** Opening Supplied information block **

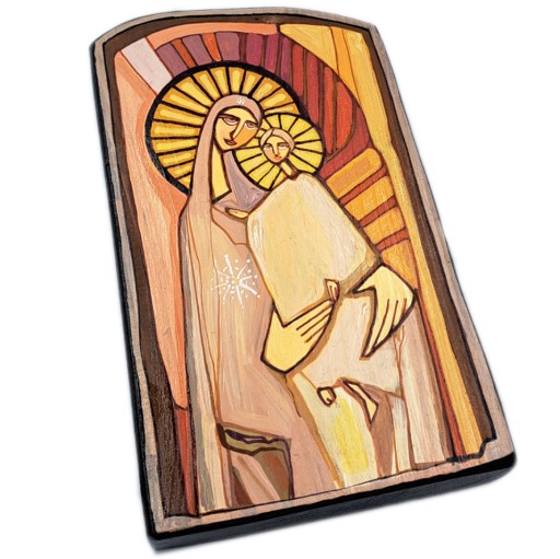 Ikona z malowanym wizerunkiem Matki Bożej z Dzieciątkiem wykonana na kształtnym kawałku drewna. Wizerunek pokryty został werniksem dzięki czemu wizerunek pozostanie nienaruszony przez lata.
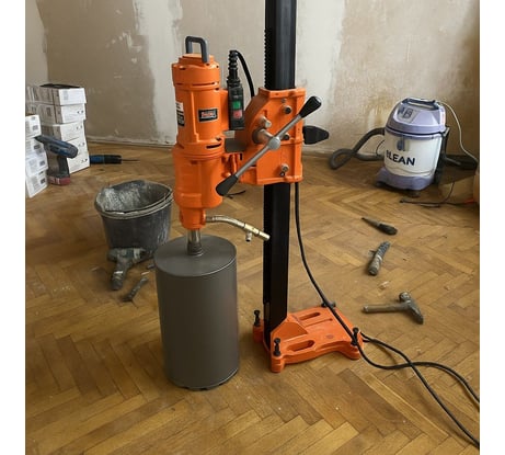 Ещё более «про» версия для частых работ на стройплощадке. Хорошая эргономика, регулировки позволяют тонко подстроиться под задачу. Вода, охлаждение, коронка — и отверстие ровное.
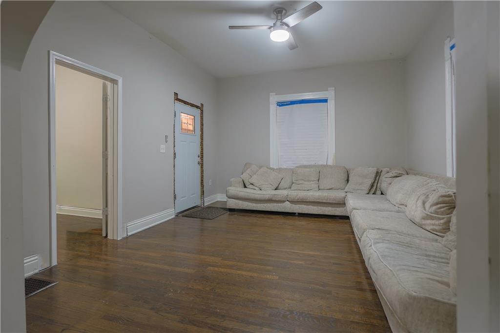 Charming 3-bedroom, 1-bath bungalow situated on a spacious double lot in a prime downtown location! This home features a welcoming front porch with classic stone columns, perfect for relaxing evenings. Inside you’ll find beautiful hardwood floors and timeless character throughout. The detached garage provides additional storage or workshop space. Upstairs offers incredible potential with sheetrock already completed — allowing for an additional 400–500 square feet of finished living space with just a little more work. Located just steps from the park and walking trails, this home combines location, charm, and opportunity. With a few finishing touches, you can truly make it your own!

** Closing Supplied information block **

Task item
No picture should be included when the data are set down again exactly.

Solution to the problem
 Ikona z malowanym wizerunkiem Matki Bożej z Dzieciątkiem wykonana na kształtnym kawałku drewna. Wizerunek pokryty został werniksem dzięki czemu wizerunek pozostanie nienaruszony przez lata.
 Ещё более «про» версия для частых работ на стройплощадке. Хорошая эргономика, регулировки позволяют тонко подстроиться под задачу. Вода, охлаждение, коронка — и отверстие ровное.
 Charming 3-bedroom, 1-bath bungalow situated on a spacious double lot in a prime downtown location! This home features a welcoming front porch with classic stone columns, perfect for relaxing evenings. Inside you’ll find beautiful hardwood floors and timeless character throughout. The detached garage provides additional storage or workshop space. Upstairs offers incredible potential with sheetrock already completed — allowing for an additional 400–500 square feet of finished living space with just a little more work. Located just steps from the park and walking trails, this home combines location, charm, and opportunity. With a few finishing touches, you can truly make it your own!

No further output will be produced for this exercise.